Engineering

The best marketing tool a film studio has is the teaser. It says nothing, but leaves the door open for everything. The audience’s imagination is most important in filmmaking. It’s what turns actors into their characters and lavish sets and cardboard cut-outs into their respective environments.
A terrifying villain need not be seen until past the half way mark, as is the case with Jaws (1975) or more recently The Descent (2005), where the monster lies somewhere just out of sight. Some directors have also mastered the art of the open ending, where the audience member is free to imagine whatever conclusion they prefer, with enough clues for competing theories to emerge.
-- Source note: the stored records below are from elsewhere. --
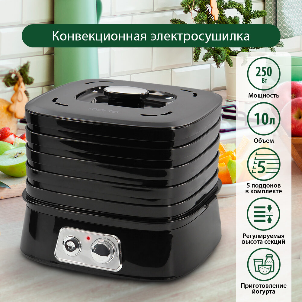 Купить MARTA MT-1946 5 поддонов черный жемчуг сушилка д/фруктов,овощей
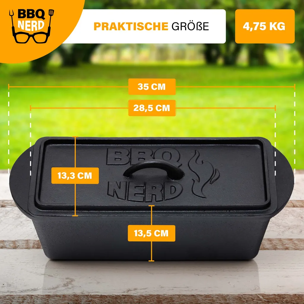 BBQ-Nerd© Kleine Brotbackform 3 L – Gusseisen Kastenform Mit Deckel – Backform Für Ofen, Grill, Feuer – Brottopf Dutch Oven Für Hackbraten Fleischkäse Brot
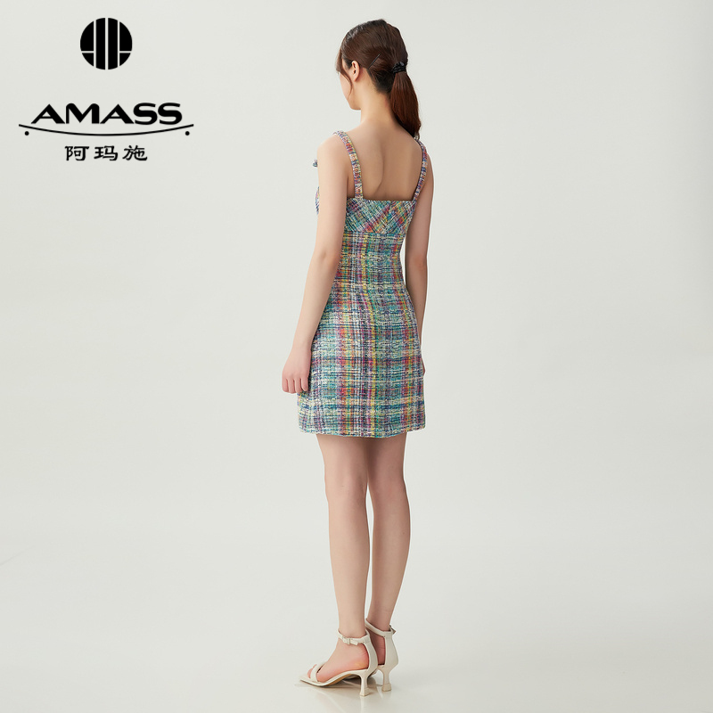 阿玛施AMASS 甜美俏皮芭比格纹无袖洋装5500489
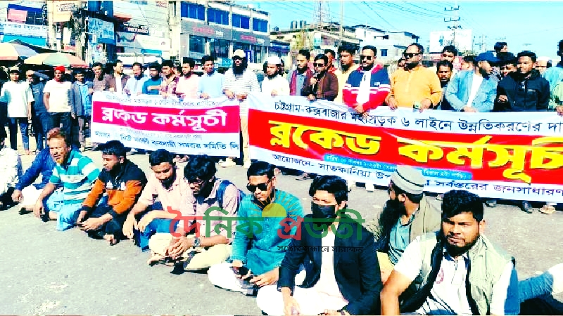 ছয় লেনের দাবিতে চট্টগ্রাম-কক্সবাজার মহাসড়ক অবরোধ।
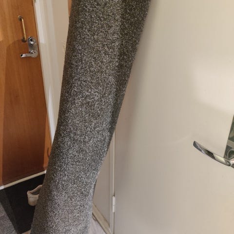 Tarpeettomaksi jäänyt mitoiltaan noin 360x134 cm parvekematto.
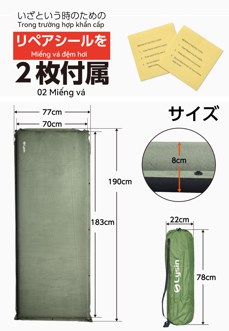 ✨Lysin - đệm nằm dã ngoại (roonjgcm dày 8cm, chất liệu da lộn) tự bơm hơi thoảng mái chống thấm nước cắm trại ngoài trời, picnic du lịch camping có thể liên kết với nhau
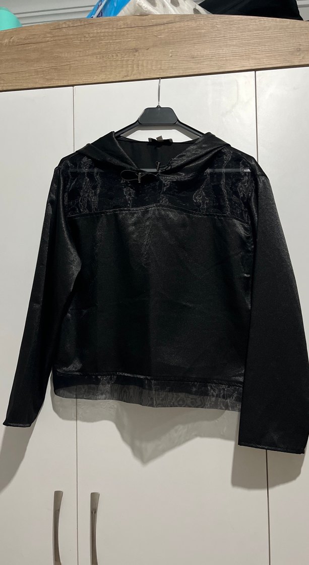 Siyah Kapüşonlu tül saten bluz

The original Star Wars trilogy was shot mostly on location on the planet Earth. The sandy surface of Tatoonie was actually filmed in Tunisia, but with the power of a running narrative it becomes an alien planet. The world of Star Wars is filled with snowy precipices, swamps and desert, which become planets into themselves when translated onto film. The Matrix (1999) invested all of the movie’s big budget effects into depicting “the real world,” while the fantasy world of the Matrix could have been any street corner in a major metropolitan area. The two sequels used this device less and less, and instead barraged audiences with CGI landscapes that were far less entertaining than the world of the Matrix.
The National Film Board of Canada made a short film in 1964 called 23 Skidoo, shot almost entirely in the streets of Montreal. The film features no dialogue or narration, but a carefully worded manuscript towards the end suggests a terrifying incident killed off the city’s population.
This is evidenced by shots of empty sidewalks and city streets — mind you, it was early in the morning when they were filming. Even without actors or more than a set, a story emerges. The same effect was used in 28 Days Later (2002), where scenes of London in the early hours of the day become post-apocalyptic images.
AI: Artificial Intelligence (2001) is probably the greatest example of a film falling flat on its face despite every effort to make it look pretty. With Stanley Kubrick originally slated to direct, the film eventually fell into the capable of hands of his good friend Steven Spielberg. Kubrick didn’t believe it was possible to bring to life his story about an android boy until the right technology came along, but Speilberg’s Jurassic Park (1993) proved to him that his vision of the future was now possible.
Although his reasons for ditching the film are vague if unknown–some say it was too sentimental to suit his tastes–Kubrick may have realized that there was simply no way for audiences to love a robot, which is the same conclusion taken by most critics.
While the movie looked good in cinemas, the film failed to convince us that the film’s central character was a real person with real feelings, a fact that goes without saying about Haley Joel Osmond, who played him up on the screen.
The audience’s imagination is what turns actors into their characters, or even a dry desert into alien worlds, and if you can’t reach that pivotal first step, whatever follows can’t be saved.